Introduction > Intersection > Assessment > Components > Future > Conclusion

 

V. Conclusion

Should we hail the arrival of new media as a revolutionary breakthrough in history education? Is it on a par with the efforts of Herodotus and Thucydides? Is it comparable to the development of Johannes Gutenberg’s printing press? The scholarly conventions accepted by the academy today did not sudden appear from that first press. Five centuries of development and refinement followed the printing of Gutenberg’s first bibles. This is a transitional period. Everyone is exploring the new playing field created by a digital world. Whether or not we perceive the incorporation of new media in education as a revolutionary development will depend on how it is done.

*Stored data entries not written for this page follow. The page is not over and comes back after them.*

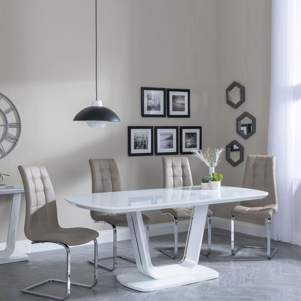 Item Code: ELLE DT-1932/Y-092-3-BG MDF, all in white High Gloss finish. Top and base arc-edge as per the pic and sticked with 5mm glass. Middle support decorated with stainless stripe.
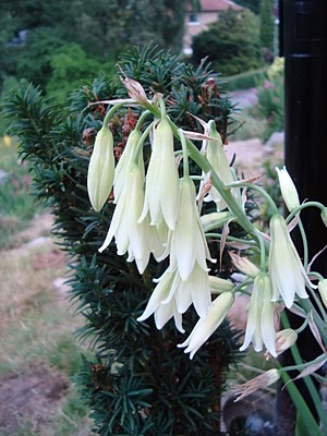 Ornithogalum is a genus of perennial plants mostly native to southern Europe and southern Africa belonging to the family Asparagaceae. Some species are native to other areas such as the Caucasus. Growing from a bulb, species have linear basal leaves and a slender stalk, up to 30 cm tall, bearing clusters of typically white star-shaped flowers, often striped with green. The common name of the genus, Star-of-Bethlehem, is based on its star-shaped flowers, after the Star of Bethlehem that appears in the biblical account of the birth of Jesus. The number of species has varied considerably, depending on authority, from 50 to 300.
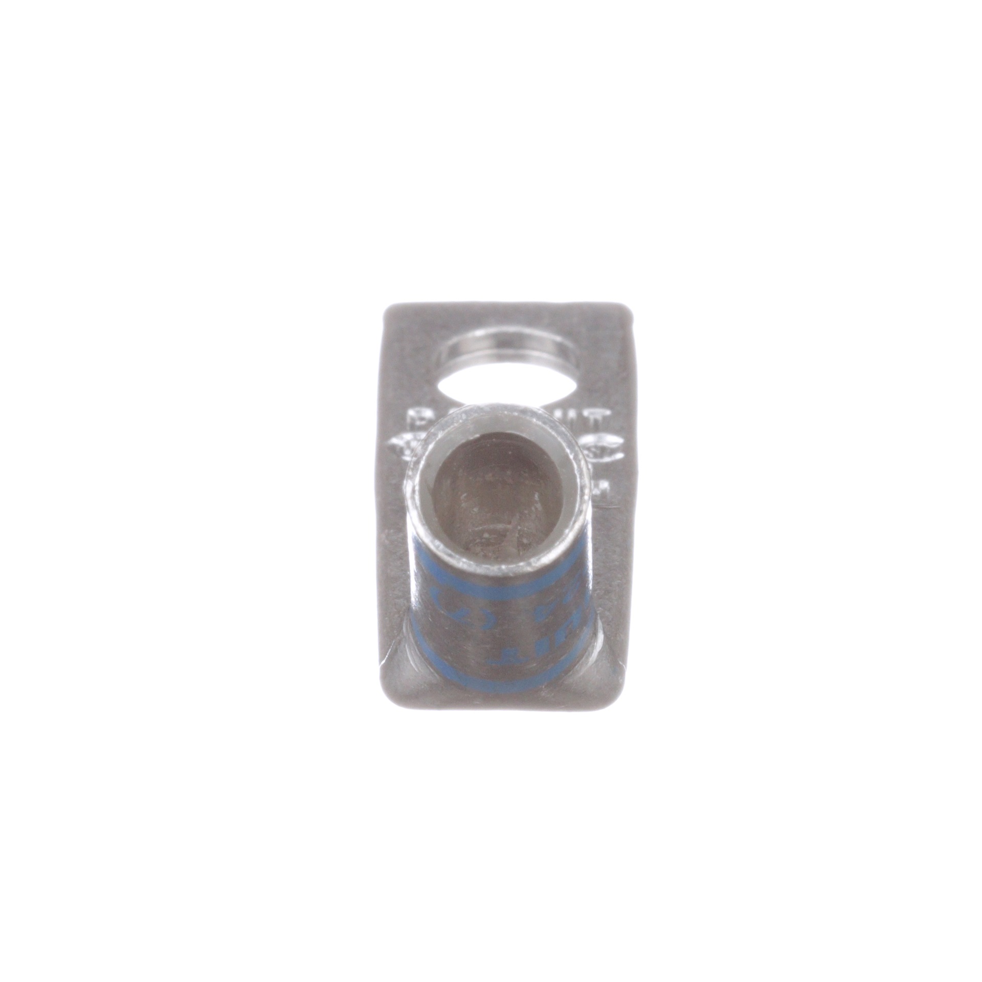 The LCD6-14AH-L Tin-Plated Copper Compression Lug, two-hole, standard barrel, has color-coded barrels marked with Panduit and specified competitor die index numbers for proper crimp die selection. An inspection window aids to visually assure full conductor insertion, and the tin-plate material helps to inhibit corrosion. UL Listed and CSA Certified to 35 KV and temperature rated to 90°C.

Fundamental changes must be made by teachers and students. Students who have grown up with technology may not have much trouble adapting to new media based learning, but their instructors may have to make more of an effort to fulfill their part. In education, everyone is in search of that “teachable moment” discussed by Judith Sandholtz and her colleagues. It may seem at times as if technology offers all flash and no substance to education. Sustaining a student’s interest and developing an engaged learner increases a teacher’s opportunity to connect with a student.

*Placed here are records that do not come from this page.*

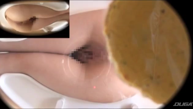 Cute school girl sits half naked on toilet as she's pooping a lot.
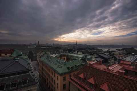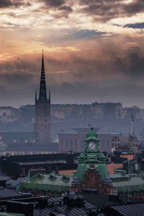 In the midground is the spire of Riddarholm Church, one of the oldest buildings in Stockholm. The cast iron spire is from 1835, when it replaced the previous spire that had been destroyed by lightning.
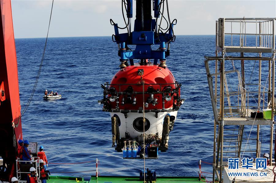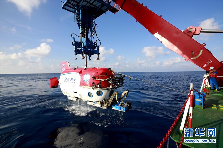 5月17日,“深海勇士”号从母船出发。新华社记者 张建松 摄
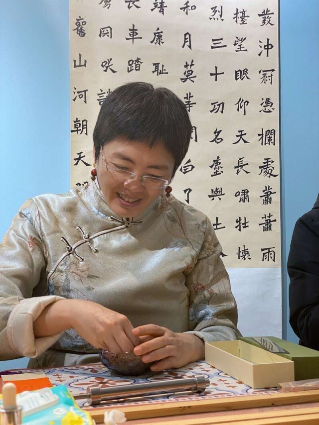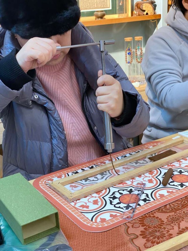 1月14日,北京前门杨梅竹斜街的祈润香舫小店里,香友们聚在一起手作鹅梨线香。美好的愿望和天然的香材融为一体,为新年增添了甜美香韵,同时又散发着文人审美的典雅气息。(柴明霞 摄)
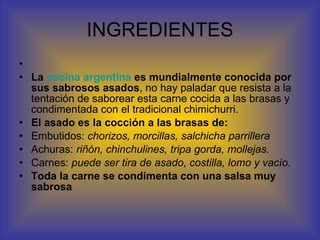 El documento describe la tradición del asado en la cocina argentina, incluyendo los ingredientes comunes como chorizos, morcillas y diferentes cortes de carne. Explica que la historia del asado se remonta a cuando se trajeron las primeras vacas a Argentina en 1556, y cómo los gauchos cazaban el ganado salvaje y asaban su lengua o caracúes. Más tarde, el gaucho empezó a comer la carne asada directamente, cavando un hoyo en la tierra para cocinar la carne parcialmente.
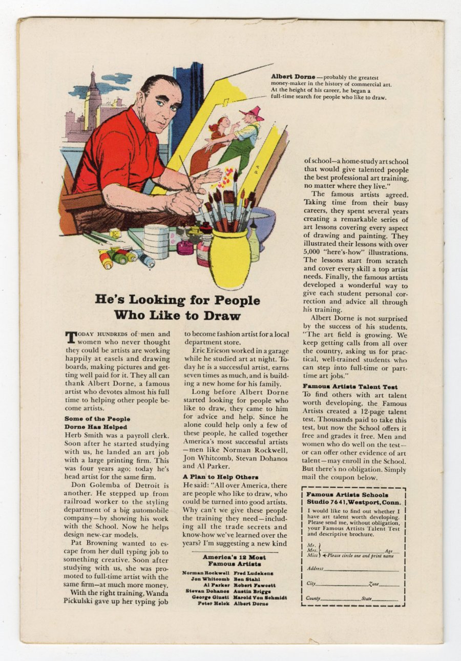 Nick Cardi (Nicholas Viscardi) was an American comics artist best known for his DC Comics work on Aquaman, the Teen Titans and other major characters. Cardy was inducted into the Will Eisner Comic Book Hall of Fame in 2005. Cardy entered the comics field working for the Eisner/Iger studio, joining circa 1940, he worked on Fight Comics, Jungle Comics, Kaanga Comics, and Wings for Fiction House Publications. He wrote and drew the four-page backup feature "Lady Luck" in Will Eisner's 16-page, Spirit Section, from the May 18, 1941 strip through February 22, 1942. In 1950, Cardy began his decades-long association with DC Comics, starting with the comic book Gang Busters, developing his breakout reputation with Tomahawk, his most prominent series at the time. From 1962–1968, he drew the first 39 issues of Aquaman, whose character had previously starred in a backup feature in Adventure Comics, and all its covers through the final issue (#56, April 1971). Cardy first drew the Teen Titans in The Brave and the Bold #60 (July 1965), wherein the superhero sidekicks Robin, Kid Flash, and Aqualad were joined by Wonder Woman's younger sister Wonder Girl in her first appearance. After next being featured in Showcase #59 (Dec. 1965), the team was spun off into their own series with Teen Titans #1 (Feb. 1966). From 1966–73, Cardy penciled or inked – sometimes both – all 43 issues of the series. Cardy left the comics industry in the mid-1970's for the more lucrative field of commercial art. There, under the name Nick Cardi, he did magazine art and ad illustrations, including movie advertising art (though not necessarily the "one-sheet" posters) for films including The Street Fighter (1974), The Night They Robbed Big Bertha's (1975), Neil Simon's California Suite (1978), Stanley Donen's Movie Movie (1978), Martin Ritt's Casey's Shadow (1978), and Francis Ford Coppola's Apocalypse Now (1979).

Bolter and Grusin do not consider new media a particularly revolutionary development. To a certain extent I would have to agree with them. If we merely replace traditional methods of teaching with computer instruction, we have not fundamentally altered education. We must keep in mind the question, “What can new media do that other forms of media cannot?” If we only replicate traditional media we have squandered the potential of a powerful educational tool.

Thucydides did not discover history, he merely wrote it down. Digital technologies have not yet revolutionized the study of history, but looking back centuries from now history education’s introduction of new media will unquestionably be viewed as the new Thucydides.